The crypto market has recently experienced a significant downturn, mirroring broader risk asset sell-offs. Over the past week, Bitcoin’s price dropped by 24%, reaching $53,000, while Ethereum plummeted nearly a third to $2,340. Major altcoins also suffered, with Cardano down 27.7%, Solana 36.2%, Dogecoin 34.6%, XRP 23.1%, Shiba Inu 30.1%, and BNB 25.7%.

The severe downturn in the crypto market appears to be part of a broader flight to safety, triggered by disappointing economic data. A worse-than-expected unemployment report on Friday marked the beginning of a technical recession, as defined by the Sahm Rule. This rule identifies a recession when the three-month average unemployment rate rises by at least half a percentage point from its lowest point in the past year.

Friday’s figures met this threshold, signaling an abrupt economic downshift. Consequently, investors sought safer assets, leading to declines in major stock indices: the S&P 500 dropped 2%, the Nasdaq 2.5%, and the Dow 1.5%. This trend continued into Monday with further sell-offs overseas.

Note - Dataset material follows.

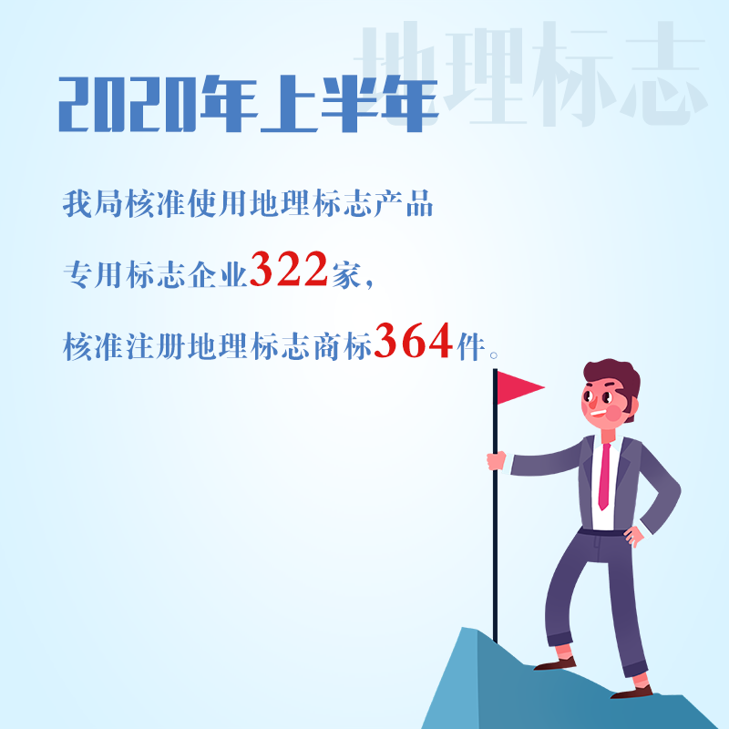 2020年上半年,我局核准使用地理标志产品专用标志企业322家,核准注册地理标志商标364件。截至2020年6月底,累计批准地理标志产品2385个,核准专用标志使用企业8811家,累计注册地理标志商标5682件。

The crypto market’s rapid decline raises questions about its role as either a speculative asset or a hedge against inflation and recession. Despite hopes that crypto could act as a risk hedge, the recent crash suggests it remains a speculative investment.

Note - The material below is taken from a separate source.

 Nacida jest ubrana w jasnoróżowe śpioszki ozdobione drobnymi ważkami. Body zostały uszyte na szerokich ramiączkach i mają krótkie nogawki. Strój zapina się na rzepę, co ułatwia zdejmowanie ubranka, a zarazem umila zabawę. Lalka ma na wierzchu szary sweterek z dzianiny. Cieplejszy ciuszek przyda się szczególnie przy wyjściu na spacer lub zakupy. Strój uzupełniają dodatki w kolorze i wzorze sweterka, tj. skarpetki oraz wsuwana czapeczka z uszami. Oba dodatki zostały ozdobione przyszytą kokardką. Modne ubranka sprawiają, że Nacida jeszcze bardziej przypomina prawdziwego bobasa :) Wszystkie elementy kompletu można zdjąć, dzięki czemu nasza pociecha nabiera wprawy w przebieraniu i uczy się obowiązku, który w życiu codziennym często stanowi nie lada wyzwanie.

Since the downturn, the crypto market has seen its largest three-day sell-off in nearly a year, losing over $500 billion in market value. According to CoinGlass data, this bloodbath wiped out more than $1 billion in leveraged positions within the last 24 hours, including $365 million in Bitcoin and $348 million in Ether.

Khushboo Khullar of Lightning Ventures, speaking to Bloomberg, argued that the crypto sell-off is part of a broader liquidity panic as traders rush to cover margin calls. Khullar views this as a temporary sell-off, presenting a potential buying opportunity.

Josh Gilbert, an eToro market analyst, supports Khullar’s perspective, suggesting that the expected Federal Reserve rate cuts could benefit crypto assets. “Crypto assets have sold off, but many investors will see an opportunity. We see Federal Reserve rate cuts, which are now likely to come sharper than expected, as hugely positive for crypto assets,” Gilbert told Coindesk.

Despite the recent volatility, crypto continues to make strides toward mainstream acceptance. Notably, Morgan Stanley will allow its advisors to offer Bitcoin ETFs starting Wednesday. This follows more than half a year after the introduction of the first Bitcoin ETF. The investment bank will enable over 15,000 of its financial advisors to sell BlackRock’s IBIT and Fidelity’s FBTC. This move is seen as a significant step toward the “mainstreamization” of crypto, given the lengthy regulatory and company processes in major investment banks.

The recent crypto market downturn highlights its volatility and the broader economic concerns affecting all risk assets. While some analysts see the current situation as a temporary sell-off and a buying opportunity, others caution against the speculative nature of crypto. As the market evolves, its role as a mainstream alternative asset continues to grow, marked by increasing institutional acceptance and new investment opportunities.